つまり「人間が考えてAIが動く」ではなく、「AIが考えてAIが動く」。そんな時代がすぐそこまで来ています。



会社の“同僚”がAIになる


2025年、ソフトバンクの孫正義会長は「10億のAIエージェントをつくる」と宣言しました。

AIは休まず、文句も言わず、365日働き続ける「無限の労働力」。

人手不足が深刻化する日本では、このAIをどう使うかが経営の明暗を分けるでしょう。


一方で、米アマゾンのジャシーCEOは、AIの導入で「一部の仕事は減るが、新しい仕事が生まれる」と話しています。

AIが単純作業を代行し、人間はより創造的な仕事に集中できる。


つまり、“仕事を奪う”AIではなく、“仕事を変える”AIということです。



「1人+AI」で10億ドル企業も現実に?


AIエージェントを複数連携させることで、営業、マーケティング、経理、顧客対応をすべて自動で回せるようになります。


Anthropic社のアモデイCEOは「1人だけの会社でも10億ドル(約1,500億円)企業が生まれる」と予測。

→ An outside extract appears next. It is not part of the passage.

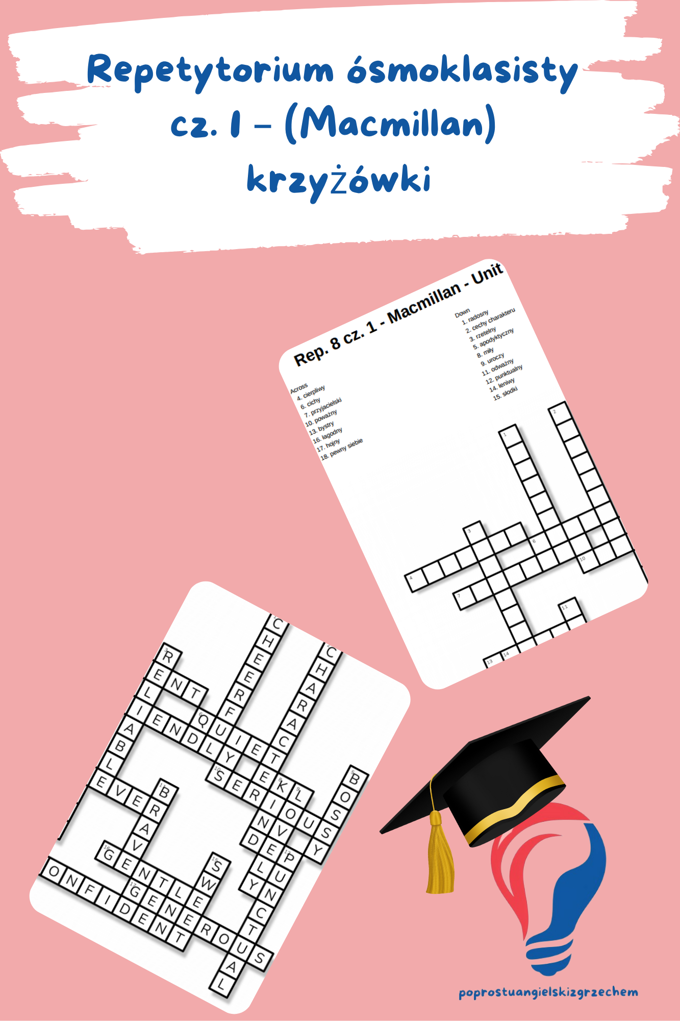 Zestaw zawiera 9 krzyżówek obejmujących słówka z działu trzeciego do podręcznika Repetytorium ósmoklasisty cz. 1 (Macmillan). Zestaw zadań ze słownictwa z tego działu znajdziesz tutaj, testy tutaj, a kartę pracy tutaj. :

これまでの常識だった「大企業=人が多い会社」は、これからは「少数精鋭+AI=最強チーム」へと変わります。


こうした企業は“スーパーカンパニー”と呼ばれ、2026年には現実の存在となりそうです。



日本はどう動く?遅れをチャンスに変える


ボストン・コンサルティング・グループの調査によると、AIを週に数回使う人は世界平均72%に対し、日本は51%。AIを実務に取り入れている人はわずか7%にとどまります。

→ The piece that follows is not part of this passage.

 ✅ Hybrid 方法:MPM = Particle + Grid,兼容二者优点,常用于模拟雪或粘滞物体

つまり、日本はまだAI導入が進んでいない。これは裏を返せば、「伸びしろが大きい」ということです。


経済産業省は「GENIAC」プロジェクトを進め、楽天グループなどが国産AIの開発に取り組んでいます。2026年に向けて、日本企業が本格的にAIを活用できる体制づくりが急がれます。



経営者が今から始めたい3つのステップ


① 小さく試す(AIを使ってみる)

ChatGPTやClaudeなどを使い、まずは会議資料づくりや顧客対応の一部をAIに任せてみましょう。「AIは難しそう」と思うより、まず触って体感することが第一歩です。


② チーム設計を変える(AIと一緒に働く)

AIを外部ツールではなく、“チームメンバー”と捉えてみましょう。経営者がAIにタスクを任せ、進捗を管理するイメージです。


③ 自社のAIを育てる(データを活用)

AIの真価は“自社データ”を学ばせたときに発揮されます。過去の顧客対応記録、FAQ、社内マニュアルなどを整理して、AIに学ばせる準備を進めておきましょう。

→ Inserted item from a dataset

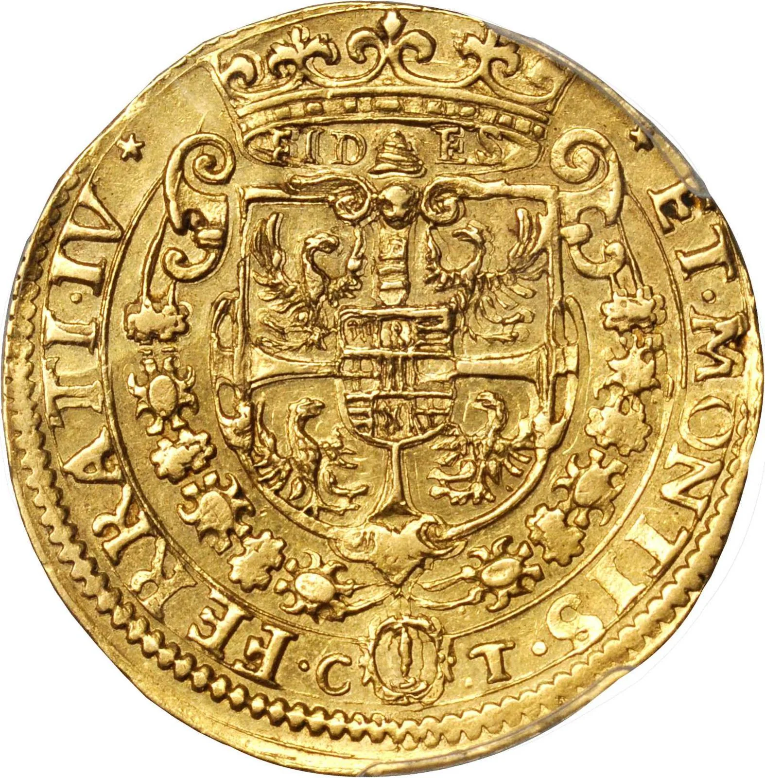 Arms with central nine-part shield, baroque frame, crown with "FID-ES" and Mt. Olympus, surrounded by the Order of the Redeemer.

AI時代の働き方:「奪われる側」ではなく「使いこなす側」に


AIエージェントの導入で、一部の単純業務は確かに減ります。しかし、AIを活用・管理できる人材の価値は一気に高まります。

これからは「AIに使われる人」ではなく「AIを使う人」。AIを上手に活かすことで、1人の力が10人分の成果を生み出す時代になります。



まとめ


AIエージェントの普及は、単なる技術革新ではありません。

働き方、会社の形、経営の考え方そのものを変えていく“構造変化”です。


少人数で大きな成果を出す「スーパーカンパニー」の時代がやってきます。

中小企業や個人事業主にとっても、これは脅威ではなくチャンス。


「AIをどう取り入れるか」──それが、次の成長の分かれ道になるでしょう。